Di kota tempat aku bekerja ini memang selama ini terkenal bus umum dan angkutan kota dengan musik bervolume full. Tetapi sejak adanya  bus transkota maka tradisi tersebut mulai hilang, hanya tinggal bebarapa bus dan angkutan kota yang menghadirkan musik keras. Ada juga yang mengatakan karena masuknya suatu manhaj keagamaan yang diam-diam cukup masal ke kota ini, manhaj itu yang mengharamkan musik dengan segala perangkatnya.

Konon di kota ini, sudah ada beberapa pemusik dan seniman yang melakukan upacara pembakaran dan pemusnahan alat musik, akibat mereka masuk dan menganut aliran manhaj tersebut. Aku tidak dapat membayangkan bagaimana kota ini nantinya tanpa musik, suatu kota kesunyian. Mungkin aku berlebihan, sebab musik keras masih berkutimtam di sepanjang jalan, pada hari Sabtu dan Ahad di sepanjang lebuh besar cukup banyak pesta perhelatan pernikahan dengan sound system musik untuk kapasitas ukuran lapangan bola, dihidupkan sehingga membuat macet labuhan raya.

Bus yang kutumpangi ini sudah beberapa kali mengalami macet menjelang perbatasan kota, dari Lubuk Buaya ke Lubuk Alung, akibat perhelatan pernikahan  yang menghambat labuh besar dengan musik keras. Setelah melewati semua itu, bus mulai malaju kencang, walau beberapa pemusik jalanan sudah silih berganti naik mendendangkan lagu.

Aku pun siap-siap meringkuk, tidur, dan traveling ke alam mimpi. Tidak lama naik seorang pemusik jalanan yang kumuh, brewok, tak terawat, dengan mata kosong, nyaris seperti orang gila, dia mulai menyanyi dengan memetik gitarnya, tanpa henti sepanjang perjalanan itu. Dia memulainya dengan lagu sholawat kemudian baru masuk dengan lagu patah hati silih berganti, sesekali dijeda dengan lagu sholawat. Hanya sekali dia berhenti untuk meneguk kopi dari botol air mineral dekil yang dibawanya.
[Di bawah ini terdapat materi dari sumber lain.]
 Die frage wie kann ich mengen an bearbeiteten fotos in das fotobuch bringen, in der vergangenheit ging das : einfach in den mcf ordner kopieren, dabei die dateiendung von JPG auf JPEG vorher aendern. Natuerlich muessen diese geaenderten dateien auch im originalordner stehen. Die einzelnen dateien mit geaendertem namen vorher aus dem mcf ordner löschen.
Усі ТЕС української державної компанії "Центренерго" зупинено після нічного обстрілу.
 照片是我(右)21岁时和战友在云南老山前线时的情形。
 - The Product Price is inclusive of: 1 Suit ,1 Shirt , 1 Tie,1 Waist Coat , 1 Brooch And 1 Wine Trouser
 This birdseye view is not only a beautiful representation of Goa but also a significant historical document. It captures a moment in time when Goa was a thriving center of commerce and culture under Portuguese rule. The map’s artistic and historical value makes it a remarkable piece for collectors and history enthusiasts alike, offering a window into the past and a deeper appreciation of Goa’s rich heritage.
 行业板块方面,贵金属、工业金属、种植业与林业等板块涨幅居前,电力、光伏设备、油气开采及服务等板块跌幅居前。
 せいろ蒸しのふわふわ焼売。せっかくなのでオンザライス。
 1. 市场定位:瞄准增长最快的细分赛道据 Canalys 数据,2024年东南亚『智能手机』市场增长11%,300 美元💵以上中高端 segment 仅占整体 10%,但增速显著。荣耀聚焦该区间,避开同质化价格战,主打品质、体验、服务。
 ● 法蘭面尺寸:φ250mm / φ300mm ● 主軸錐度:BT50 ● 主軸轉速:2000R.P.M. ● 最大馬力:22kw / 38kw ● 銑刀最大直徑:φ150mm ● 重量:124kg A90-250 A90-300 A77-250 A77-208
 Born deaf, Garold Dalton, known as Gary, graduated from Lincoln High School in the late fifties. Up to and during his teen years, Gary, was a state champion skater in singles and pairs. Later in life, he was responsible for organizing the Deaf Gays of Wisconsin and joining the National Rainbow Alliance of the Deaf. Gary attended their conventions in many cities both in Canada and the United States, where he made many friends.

Semua penumpang terpesona, suaranya bagus, petikan gitar klasiknya level dewa. Boleh dikatakan jarang penumpang bus peduli dan mau mendengar musik jalanan, banyak yang tidak peduli dan bahkan banyak merasa terganggu. Tetapi yang satu ini seperti ditunggu penumpang dan seakan tersihir. Aku lirik ada beberapa penumpang menyembunyikan tetes air mata dengan pura-pura menunduk karena lagu sendu yang didendangkannya. Tidak pernah aku melihat orang meneteskan air mata disebabkan mendengar lagu. Perasaan semua orang terhanyut oleh lagu-lagunya.  Sepertinya, ia bernyanyi dan bermain musik dengan jiwanya atau jiwanyalah yang bernyanyi.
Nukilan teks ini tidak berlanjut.